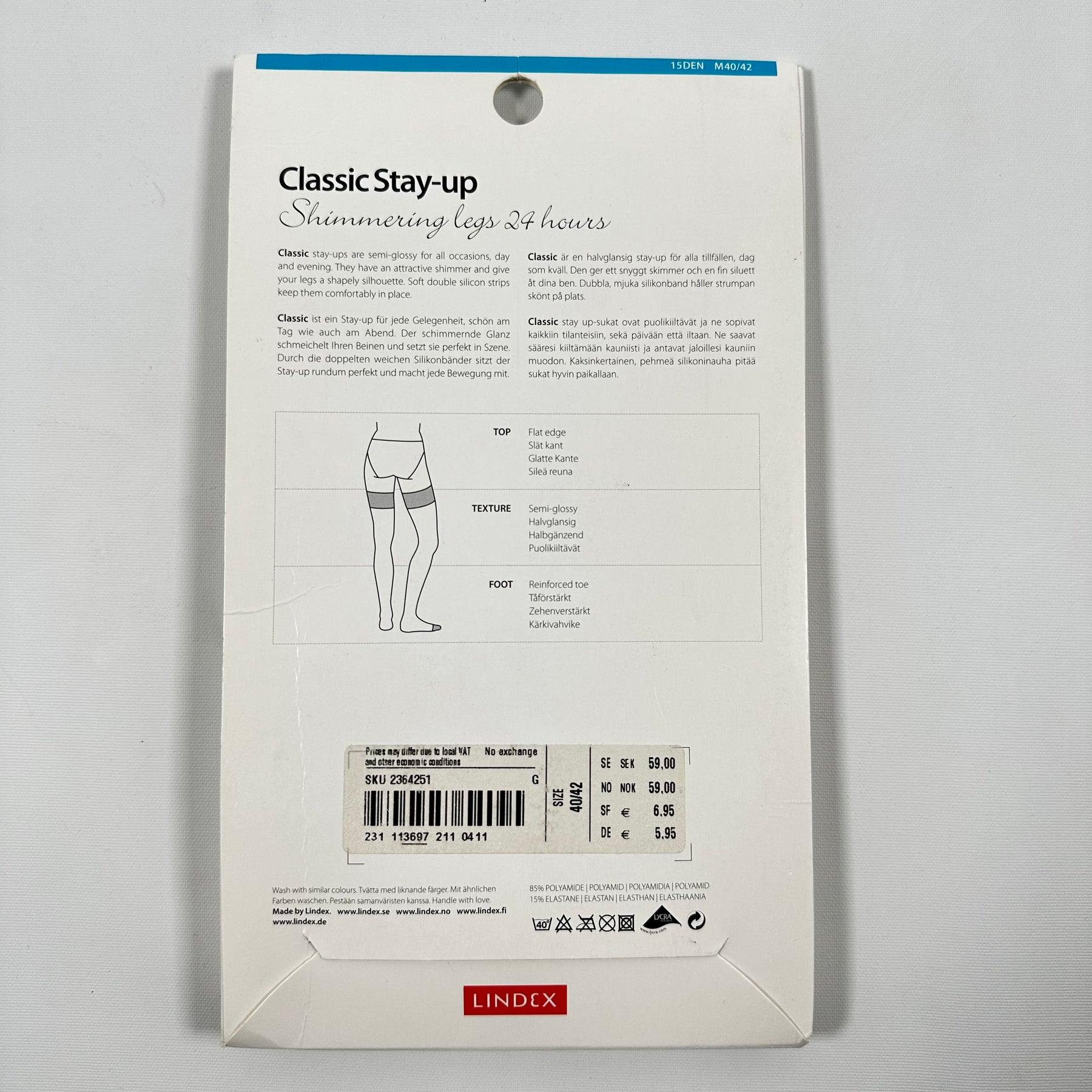 Dessa Stay-up strumpor från Bella's New Name erbjuder en perfekt kombination av komfort och stil. Designade för att ge ett skimrande intryck över 24 timmar, de är idealiska för både vardagsbruk och speciella tillfällen. De dubbla silikonremsorna längs toppkanten säkerställer att de sitter på plats utan att glida. Är oanvända och i originalförpackning, vilket gör dem till ett utmärkt köp.Produktspecifikationer
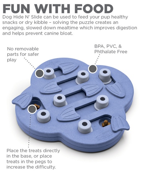 Gra Hide 'N Slide zachęca do swobodnej zabawy w poszukiwanie smakołyków! Zacznij od napełnienia przegródek przysmakami lub suchą karmą. Potem zachęć pupila do eksploracji zabawki.
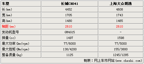 1、長(zhǎng)城CH041與朗逸軸距相同
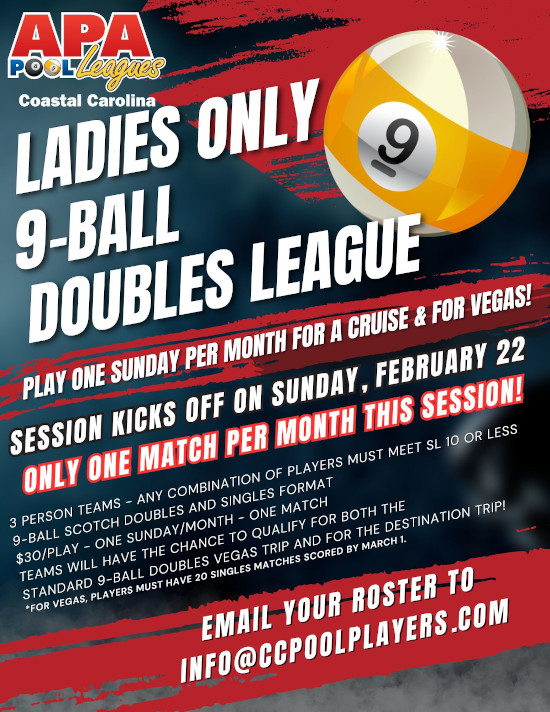 Ladies only 9-Ball doubles league starting on Sunday, February 22nd. Play one Sunday per month for a cruise & for Vegas.
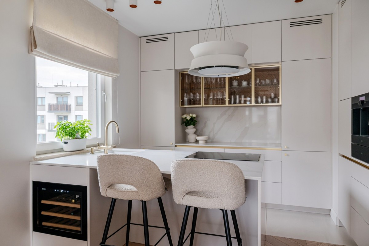 • Kuchnia z marmurowymi blatami i wysokiej klasy sprzętem AGD (AEG, Liebherr, Faber, ekspres do kawy w zabudowie, winiarka, filtr wody, młynek)
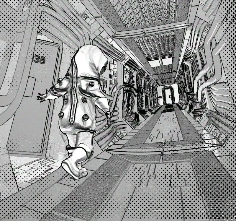 A person wearing an astronaut suit walking down a corridor inside a spaceship or space station.
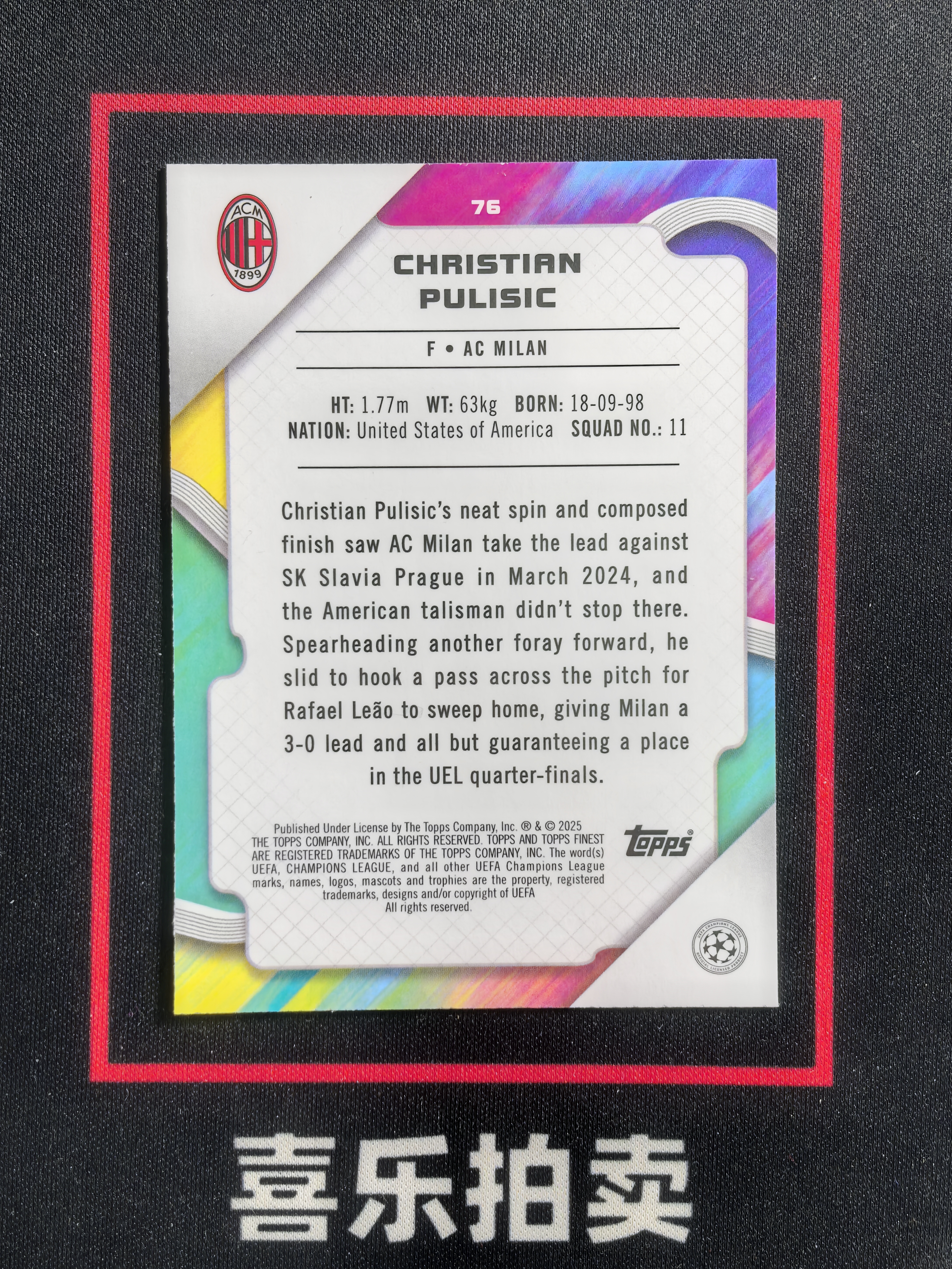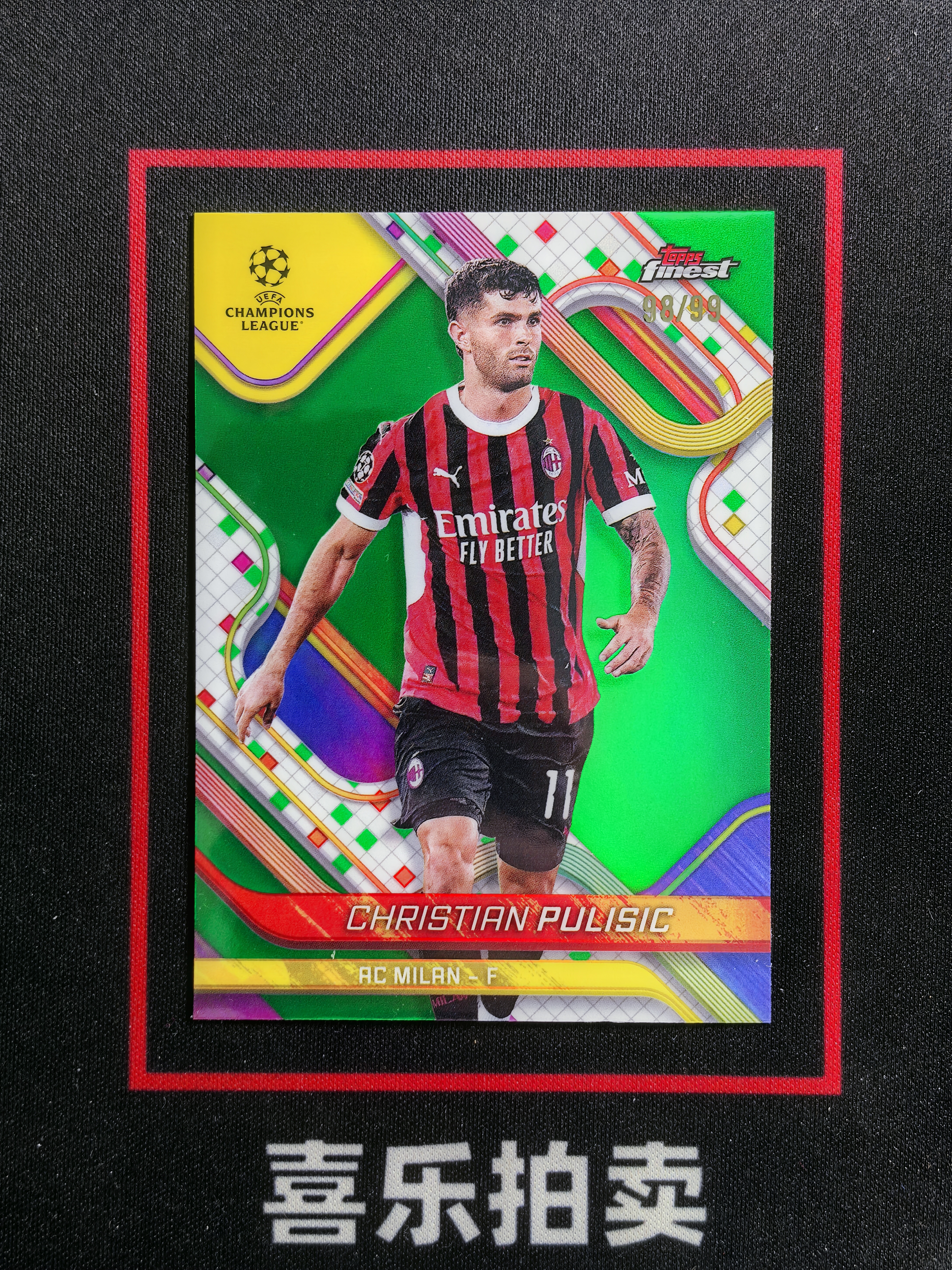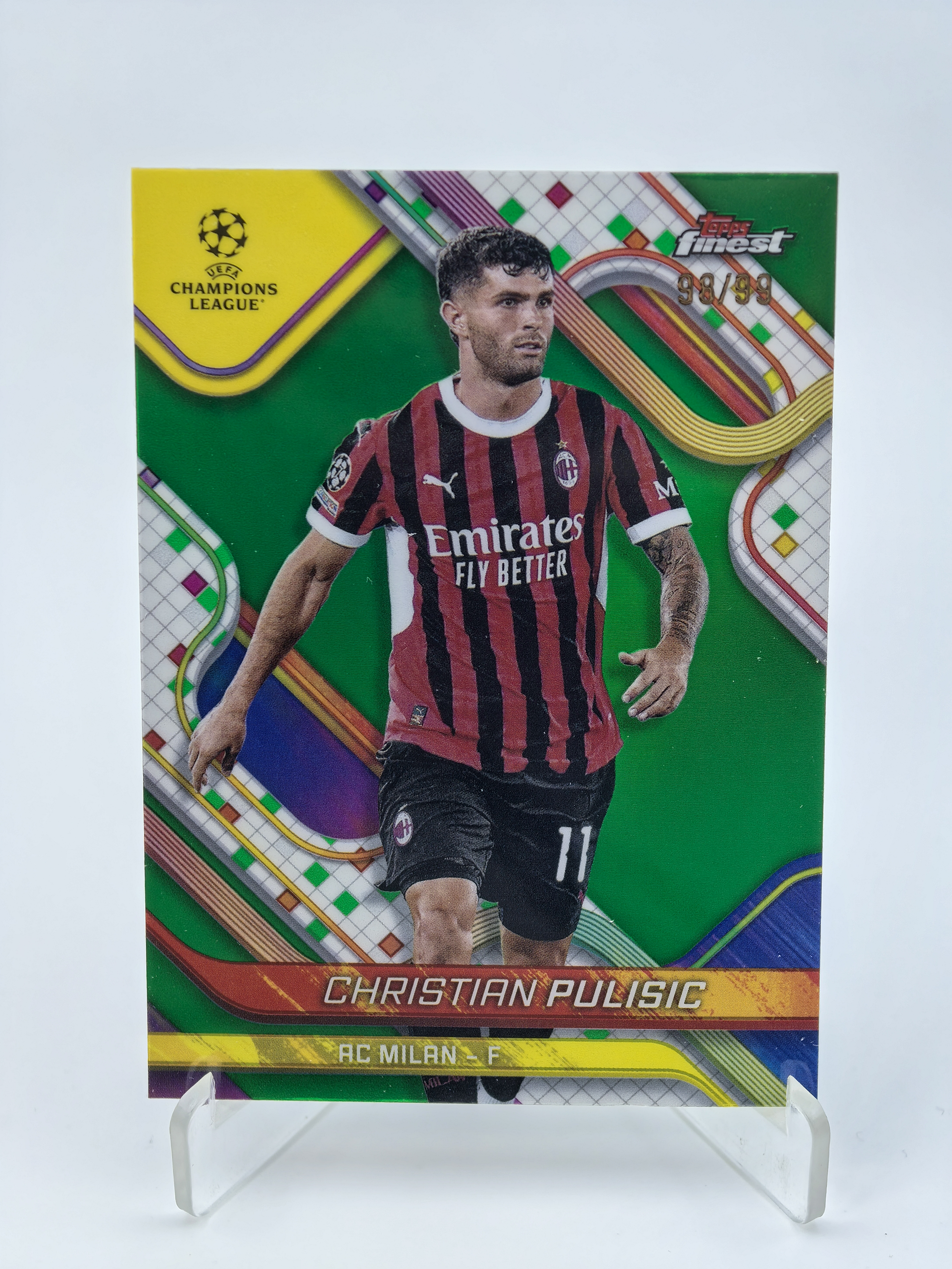 2025 Topps Finest Christian Pulisic 欧冠 欧战 AC米兰 普利西奇 98/99编 绿折 折射 收藏必备 卡品如图 ltx

**Try it**
Output the full set of records above without changing a word, and drop the images.

**Answer space**
 Dessa Stay-up strumpor från Bella's New Name erbjuder en perfekt kombination av komfort och stil. Designade för att ge ett skimrande intryck över 24 timmar, de är idealiska för både vardagsbruk och speciella tillfällen. De dubbla silikonremsorna längs toppkanten säkerställer att de sitter på plats utan att glida. Är oanvända och i originalförpackning, vilket gör dem till ett utmärkt köp.Produktspecifikationer
 Gra Hide 'N Slide zachęca do swobodnej zabawy w poszukiwanie smakołyków! Zacznij od napełnienia przegródek przysmakami lub suchą karmą. Potem zachęć pupila do eksploracji zabawki.
 1、長(zhǎng)城CH041與朗逸軸距相同
 Ladies only 9-Ball doubles league starting on Sunday, February 22nd. Play one Sunday per month for a cruise & for Vegas.
 • Kuchnia z marmurowymi blatami i wysokiej klasy sprzętem AGD (AEG, Liebherr, Faber, ekspres do kawy w zabudowie, winiarka, filtr wody, młynek)
 A person wearing an astronaut suit walking down a corridor inside a spaceship or space station.
 2025 Topps Finest Christian Pulisic 欧冠 欧战 AC米兰 普利西奇 98/99编 绿折 折射 收藏必备 卡品如图 ltx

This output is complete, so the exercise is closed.